Stavolta però non c’è passato né futuro. Anche fuor di metafora, perché mentre Gennaro sistema il pallone sul dischetto, l’arbitro va a raccomandarsi col portiere Perisan. L’assenza del pubblico fa sentire tutto: “Resta sulla linea, non venire avanti. Se lo pari, ma muovendoti in avanti, vanifichi la parata. Tanto dopo il rigore, è finita”. 

Si chiude tutto lì, in quel duello. Le voci dal campo sono solo di giocatori del Pordenone: “lo pari eh”, “vai Samu, è parata, è parata”. Sono passati circa 55 secondi dal fallo. 

Intanto, a 888 chilometri da quella scena, Fabrizio Castori sta soffrendo in tuta. È rimasto a Salerno per il Covid. È in isolamento nel centro sportivo del club, solo in una stanza davanti a un televisore. A debita distanza, da un terrazzino, c’è qualcuno che prende il telefonino e immortala la scena. Il video è ormai virale: la risata nervosa, i “mister” e gli “zitto, zitto”, i saltelli e il quasi abbraccio al televisore. 

Distanze. Come ha scritto Gennaro Tutino sul suo profilo dopo la partita, “11 metri e Salerno sulle mie spalle”. Ecco, alle sue spalle in campo, in pochi hanno avuto la forza di guardare. Non l’ha fatto Bocchini, vice di Castori. Non l’ha fatto il ds Fabiani, che racconta di averlo vissuto al telefono con il presidente Lotito. Non l’hanno fatto in tanti giocatori. 

TRA FEDE E RINCORSA 

Sette secondi sono il tempo che separano l’appello disatteso dell’arbitro Marini a non entrare in area e l’urlo che scuote anche chi non ha guardato. In mezzo c’è la decisione su dove calciare, la rincorsa, il destro a incrociare e il tuffo di Perisan. Quello che non si può vedere, è la fede di Gennaro Tutino. Nei propri mezzi, ma anche in qualcosa di più. Non si sa se in quel minuto ha pregato o si è rivolto a Dio. È abituato a farlo e non certo per invocare un risultato sportivo.

A Cosenza aveva un rapporto speciale con Don Mario Ciardullo, il padre spirituale della squadra.
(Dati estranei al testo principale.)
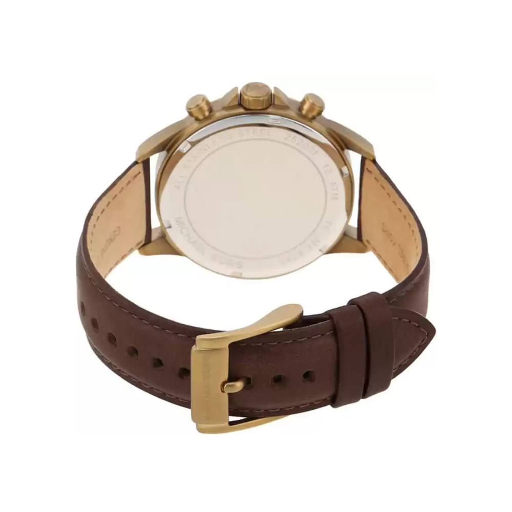 Steal the show with this sophisticated wristwatch which consist of chronograph dial for an elevated take on Michael Kors watch. The contrasting face features chronograph functionality a antique gold plating case with antique gold-tone numeral indexes and chocolate leather strap to finish the look. It is a refine addition to...

Amicizia e confessioni, anche sul campo del Marulla. Una volta, nell’intervallo di una partita, lui e Garritano si erano messi in un angolo a recitare il Padre Nostro. E quella partita fu vinta. Come questa. “Genny ha portato Dio in campo, in famiglia e tra i compagni”, racconta Don Mario da Cosenza.  

A Lignano i compagni di Tutino lo hanno abbracciato forte. Più di tutti, capitan Di Tacchio, che - come lui - aveva sbagliato un rigore quest’anno. Quando si è liberato, Genny ha rivolto uno sguardo verso l’alto. Per dire grazie. Negli stessi secondi, a Salerno, una bambina riccia baciava lo schermo guardando suo papà. Sua figlia Benedetta, anche lei innamorata a distanza. Come migliaia di salernitani che hanno davanti 180 minuti, prima venerdì contro l’Empoli, poi lunedì a Pescara. Di paure, speranze e sogni. “Abbiamo in mano il nostro destino”, ha detto Tutino a fine partita. Due punti di vantaggio da mantenere. In mezzo a un tempo che non passa mai.